Fun With Charts!
Consumer confidence and finances are two critical components of the economy.
Notice how consumer sentiment and the stock market are linked on the chart below1. When consumer confidence peaks, the subsequent 12-month return for the stock market tends to be lower. Conversely, when consumer sentiment bottoms, notice the returns for the S&P 500 are higher. (Unfortunately, peaks and troughs are only known after the fact. We don’t know if consumer sentiment is currently low and heading lower, or if this represents a trough, indicating that sentiment and markets are about to move higher.
If consumers are doing well financially, they pay their bills on time. When our financial situation gets more precarious, things can change.
The chart below2 shows what comprises the “consumer balance sheet,” which is effectively a compilation of all our individual balance sheets. As can be seen by the graphs on the left side, consumers have far more assets than liabilities. Cash flow, however, is a different issue.
Household debt service ratio (chart): shows debt payments as a percentage of disposable income. The graph illustrates the percentage of our income allocated to paying ongoing debts. Suffice it to say that as we spend more of our income on debt, we have less money to spend on buying goods and services.

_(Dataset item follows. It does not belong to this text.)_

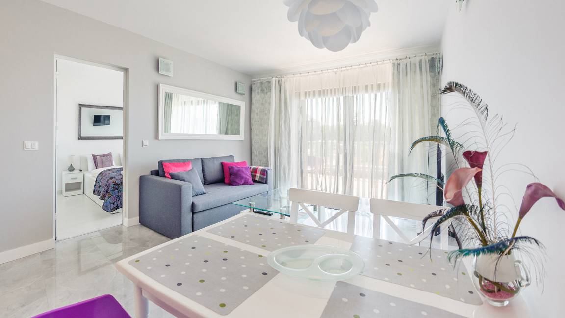 Nur 100 Meter trennen die Apartments vom breiten, sandigen Strand – ideal für Sonnenanbeter ebenso wie für ausgedehnte Spaziergänge entlang der Küste. Das Rauschen der Wellen und die frische Meeresbrise schaffen eine unvergleichliche Atmosphäre, die zur vollkommenen Entspannung einlädt.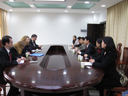 3月9日,英国西敏斯特大学副校长米斯卡·古兹科斯卡(Myszka Guzkowska),传媒、艺术和设计系主任查尔斯·布朗(Charles Brown),中国事务国际项目主管尼古拉·乔丹(Nicola Jordan)一行来访我院并在北校区院系楼会议室与领导、老师会谈。国际交流处副处长易宗勇、周鹏老师、我院院长霍海洪、副院长董金伟、吴岩、教育系主任柯晓玲、教育系教师代表张忆、外事协调员王晓雯参与会谈。院长霍海洪首先向来宾详细介绍了我院的情况,阐述了英语教育系的教学理念。参会领导和教师代表与外宾就2+2本科生合作项目的培养过程、课程设置及教师短期的培训项目的更一步合作展开深入交谈,提出很多建设性意见。

Flows into early delinquencies (chart): an indicator of how much consumers are likely to spend in the coming months. (If consumers can’t pay their debts, they’re unlikely to increase spending on goods and services.) Note how the graphs are rising, which depicts higher delinquency rates. Look at the numbers in the small box: delinquency rates for auto loans (8.1%), credit cards (8.0%), student loans (0.9% as of 3/31/25 due to loan deferment programs, but now being reported as close to 25%), and mortgages (3.6%).
! “Consumer confidence and the stock market,” Slide 20, Guide to Retirement, J.P. Morgan. March 31, 2025.
2 “Consumer finances,” Slide 19, Guide to Retirement, J.P. Morgan. March 31, 2025.